Let’s backup and look at what it takes to even open an account in a foreign country. In many nations, you’ll be subject to strict rules. Some countries mandate that you have a place of business in that country. For many sellers, opening a foreign office is so cost-prohibitive that they take the simplest route, and do nothing.
Even if a seller is able to set up a foreign bank account in the country they do business in, it’s not an ideal system for global expansion. Each time you start selling in a new country, you’ll have to go through each country’s rules for opening a bank account—possibly having to deal with operating a bank account in a foreign language and meeting the rules and requirements for keeping the account in good standing.
Also, banks typically aren’t the best at being flexible and responsive to the unique needs of online sellers. While each businessperson needs to make their own decision, one part of your research should include looking into a global currency account designed for the unique needs of online sellers.
With a global currency account or cross-border account, an online seller can open one simple account and be ready to do business in major markets around the world. Once you complete your account set up, you can be ready to send and receive money in about one business day.
#3 Double-Currency Exchange Fees
As if getting ripped off one time with airport-like currency exchange fees wasn’t bad enough, a lot of online sellers are actually paying outrageous double exchange fees.
What are double exchange fees? It’s what happens to international e-commerce sellers who have their original foreign marketplace payout exchanged automatically into dollars. Then they’re forced to exchange those dollars back into the original currency they received it in, such as British Pounds, Euros, Yen, or another currency.
Let’s look at an example of how the dreaded double-currency exchange could work for a US merchant selling on Amazon UK: You open your Amazon EU account, and start selling on Amazon UK. Because your customers are in the United Kingdom, they’re paying in pound sterling (or GBP). That means you’re actually being paid in British Pounds.
Exchanging all your earnings into US dollars may seem fine. It may even make sense at first. If you think about it, you’ll probably need to bring home at least a portion of that money back to the United States to run your business. But if you’re doing business in the United Kingdom, eventually you’ll need to pay VAT taxes to HMRC (Her Majesty’s Revenue and Customs). And the government of the UK only takes Pounds. That means you’ve got to convert the US dollars you exchanged from pounds into dollars back into pounds.

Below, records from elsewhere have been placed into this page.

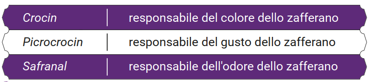 Il sapore amaro dello zafferano come materiale vegetale è legato alla picrocrocina. La picrocrocina costituisce l’aroma dominante dello zafferano.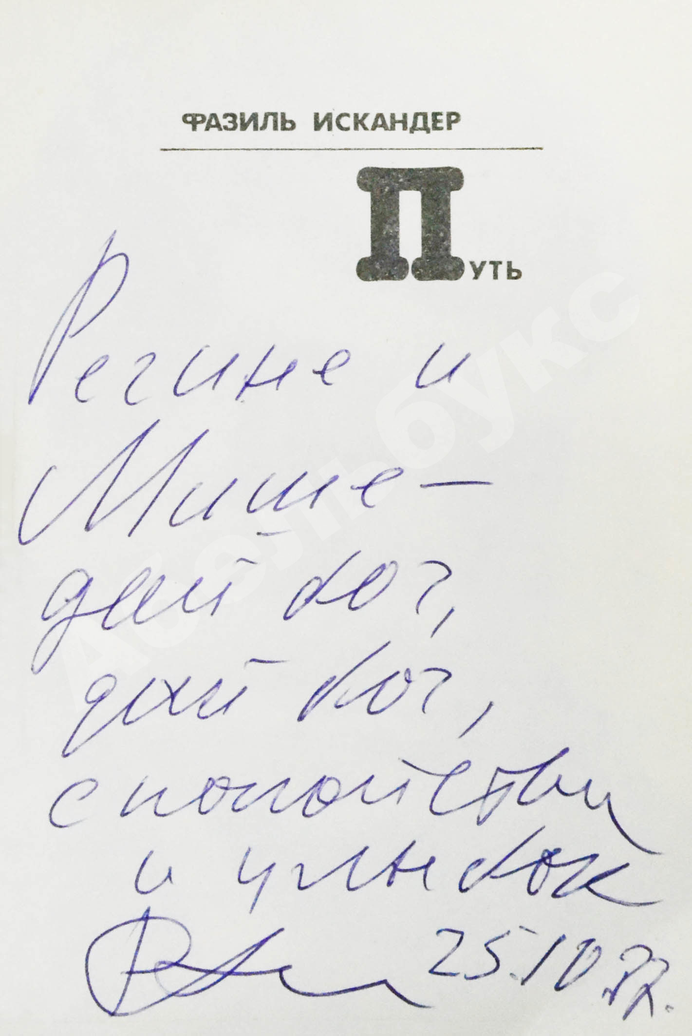 На титульном листе автограф Фазиля Искандера Михаилу Козакову и его супруге Регине: «Регине и Мише — дай бог, дай бог, спокойствия и улыбок подпись 25.10.87».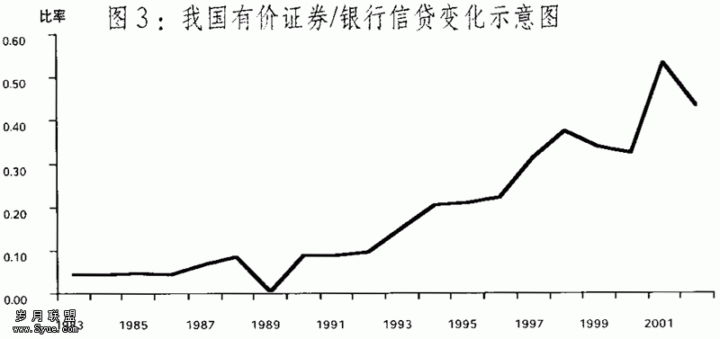 金融深化最重要的特征之一就是传统信贷融资逐渐减弱,证券融资比率逐渐提高。发达国家的银行信贷资产/证券资产的比率都有逐渐下降的趋势。一般认为,证券/信贷越高,金融的发达程度越高。目前证券信贷比为美国 3.5 : 1 ,德国为 1 : 1.4 ,日本 1 : 1.2 ,韩国 1 : 0.91 。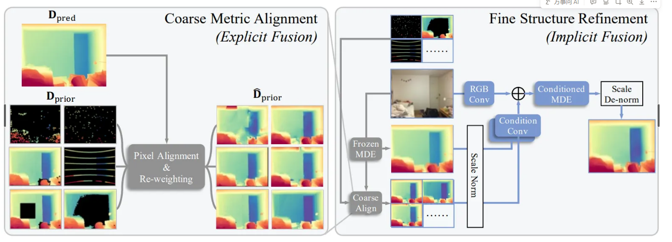 论文目的:结合不完整但精确的深度测量信息与完整但相对的深度预测信息来生成一张准确且完整的深度信息

That’s a double-currency exchange, and you never ever want that to happen. Remember, currency exchange always involves a cost. Even large banks pay fees to other banks to exchange currency. That means the best currency exchange is no currency exchange. Are you going to be able to completely avoid currency exchange as an online seller? Nope. The point is you don’t want to exchange currency more times than you have to—that is if you want to keep as much of your hard-earned profits as possible!

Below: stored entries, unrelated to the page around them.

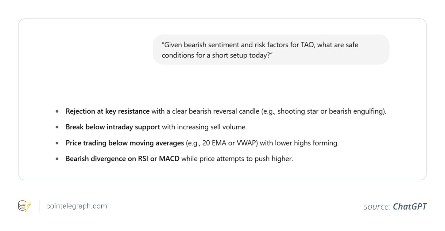 “Given bearish sentiment and risk factors for TAO, what are safe conditions for a short setup today?”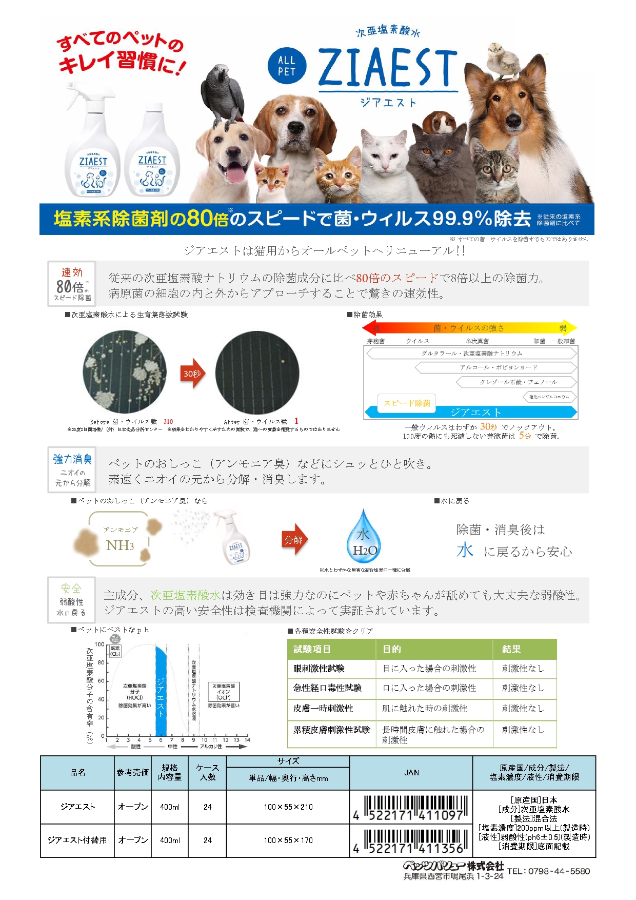 ●従来の塩素系除菌剤に比べて、80倍のスピードで菌・ウイルスを99.9%除去できるオールペット用の除菌・消臭剤の付替用。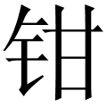 卡钳 钳子 钳锁 钳钳 口钳 钳语 蟹钳 焊钳 钳桎 钳网 钳奴 钳卢 拘钳 踏脚钳 鳄鱼钳 楚人钳 钳马衔枚 钳口结舌 克丝钳子 结舌钳口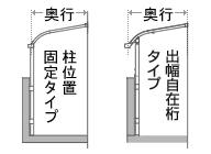 | 柱タイプ | 柱位置固定タイプ(柱3本) / 出幅自在桁タイプ(柱3本) |

With a global currency account, you can leave a portion of your earnings in the currency you received them in. Not only will you be able to eliminate double currency exchange fees, you’ll be able to avoid some of those exchange fees altogether.
Let’s look at that same U.S. online merchant who sells on Amazon UK we looked at earlier, only this time how things would work if they had a global currency account. When that U.S. online merchant receives their payout from Amazon UK, they’ll receive it in pounds. Let’s say the merchant knows they’ve got VAT taxes to pay from their Amazon sales in the UK. Instead of being forced to exchange their payout into dollars, they do nothing. The merchant simply pays their VAT taxes directly to UK government in pounds. Zero exchange fees!